One March 2011 report in The Journal of the American Osteopathic Association describes a case of Balo disease in a 30-year woman who was treated with high doses of steroids. The woman experienced a positive result with most of her neurological symptoms gone. The report’s authors also reported on MRI findings, that showed a reduced number of brain lesions shortly after the start of treatment and then months matter. The authors suggest high doses of steroids early on can benefit people with Balo disease.
Other treatments for Balo disease include muscle relaxants to treat painful muscle stiffness, weakness, and spasms, especially in the legs. If you are experiencing severe fatigue, your healthcare provider may prescribe medications to reduce fatigue. Other medications can be prescribed for depression, pain, sleep problems, and bladder and bowel control issues, conditions often associated with both Balo disease and MS.

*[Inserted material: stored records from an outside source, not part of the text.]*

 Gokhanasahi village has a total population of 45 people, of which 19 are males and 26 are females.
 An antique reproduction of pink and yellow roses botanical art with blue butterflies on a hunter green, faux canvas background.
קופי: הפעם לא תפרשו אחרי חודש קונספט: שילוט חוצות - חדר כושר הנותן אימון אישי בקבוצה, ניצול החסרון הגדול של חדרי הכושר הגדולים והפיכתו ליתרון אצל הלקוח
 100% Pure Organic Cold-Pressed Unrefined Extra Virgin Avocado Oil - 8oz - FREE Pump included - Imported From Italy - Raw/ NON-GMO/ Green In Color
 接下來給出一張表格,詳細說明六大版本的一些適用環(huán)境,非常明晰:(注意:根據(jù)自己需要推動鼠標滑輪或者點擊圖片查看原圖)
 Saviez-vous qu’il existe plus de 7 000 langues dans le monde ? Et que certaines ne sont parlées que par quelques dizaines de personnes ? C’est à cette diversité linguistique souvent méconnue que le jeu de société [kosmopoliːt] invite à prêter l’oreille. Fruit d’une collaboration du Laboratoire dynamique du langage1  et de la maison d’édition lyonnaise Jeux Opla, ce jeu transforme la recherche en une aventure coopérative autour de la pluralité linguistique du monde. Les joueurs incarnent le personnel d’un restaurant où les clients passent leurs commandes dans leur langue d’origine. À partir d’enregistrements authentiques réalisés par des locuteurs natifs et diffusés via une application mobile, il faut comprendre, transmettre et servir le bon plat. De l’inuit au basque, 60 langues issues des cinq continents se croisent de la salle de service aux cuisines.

Your healthcare provider may also recommend physical or occupational therapy. Physical therapy can teach you stretching and strengthening exercises to manage leg weakness and gait problems. Occupational therapy can teach you to use mobility and assistive devices to use when performing daily tasks.
Individual cases of the condition have been reported showing successful treatment responses and no relapses of symptoms. In fact, some of the newer research shows many Balo disease cases are harmless and self-limited with the potential for spontaneous remission. Remission in autoimmune diseases, MS, and Balo’s, is a period where disease symptoms subside for a period of time.

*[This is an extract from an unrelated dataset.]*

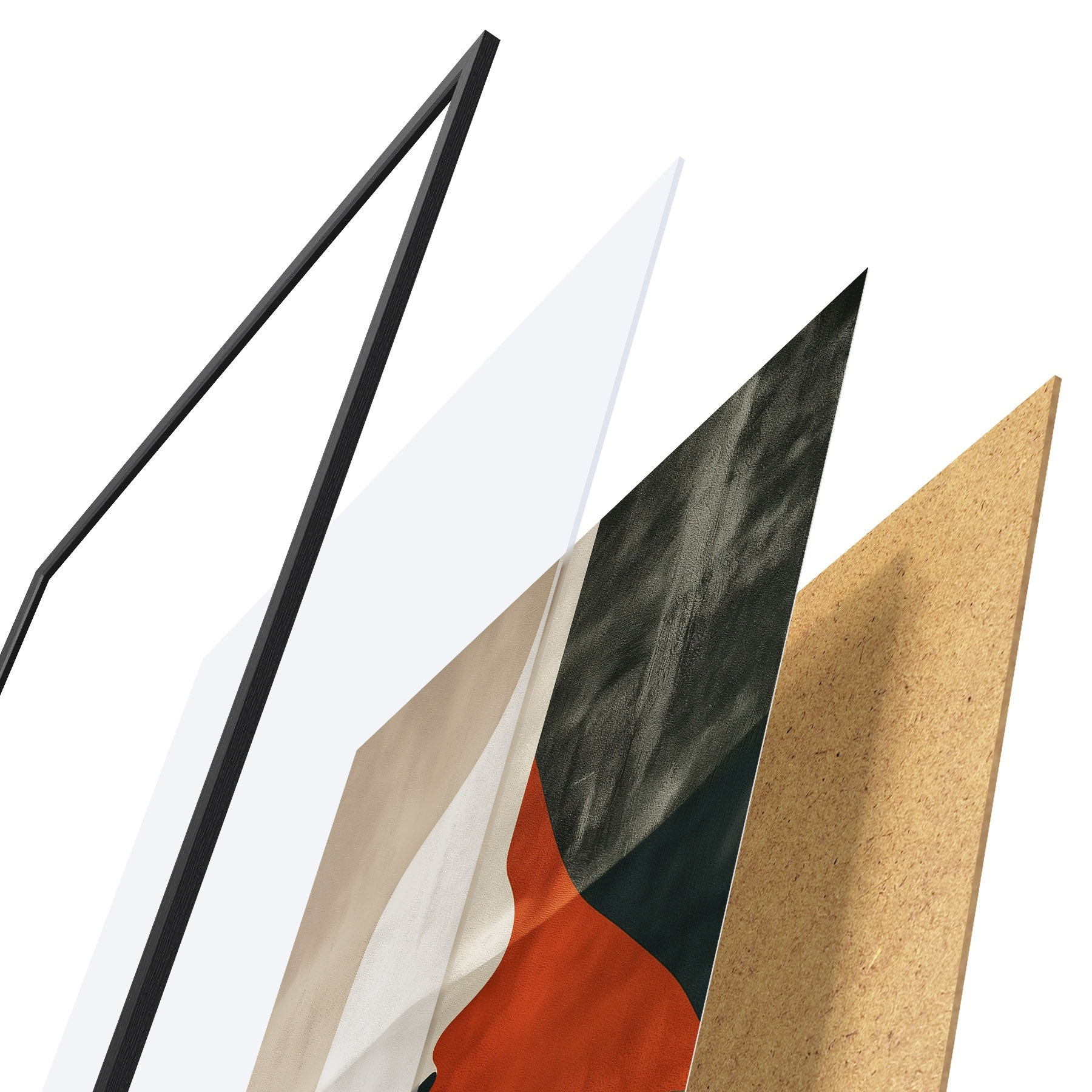 Le poster se compose d'un cadre, d'un plexiglas, d'une image imprimée et d'un support en aggloméré. Le poster peut être immédiatement accroché au mur grâce aux fixations au dos.
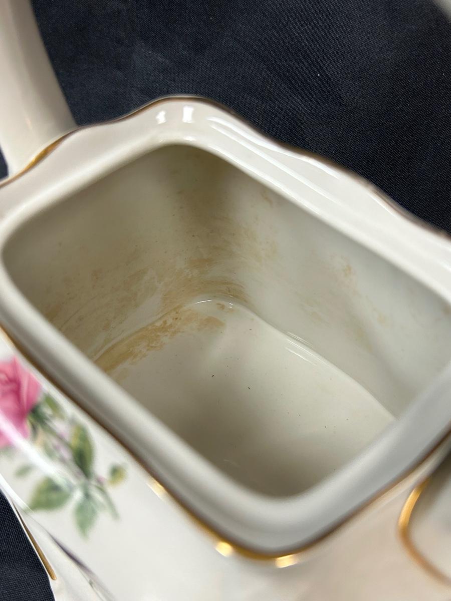 Vintage Crown Dorset Staffordshire Bone China England Floral Pink Red Roses Teapot. In vintage condition. There is discolor inside and crazing.

The prognosis for Balo disease can be positive. At the 2016 Annual Meeting of the Consortium of Multiple Sclerosis Centers (CMSC), the case of a 46-year-old woman with Balo’s disease was discussed. The woman was diagnosed with Balo disease ten years prior and was showing continuing radiological and clinical stability. In her ten-year course with the disease, the woman, who was having regular MRIs, experienced three relapses and was successfully treated with Rebif (interferon beta 1-a) , an anti-inflammatory medication for people with MS.
A Word From Get Meds Info
Talk to your healthcare provider if you are experiencing frequent headaches and muscle pain, spasms, and weakness, and don’t delay treatment if you experience a seizure, paralysis, problems with speaking, concentration or understanding others, or severe behavior changes. Balo’s disease can be treated successfully if diagnosed and treated early.
Balo disease can result in severe disability or death if left untreated. Most people fare well once they have treated with corticosteroids. The number of people with Balo disease who survive and experience remission is increasing. Further, there are a number of people who never experience symptoms and whose disease never progresses.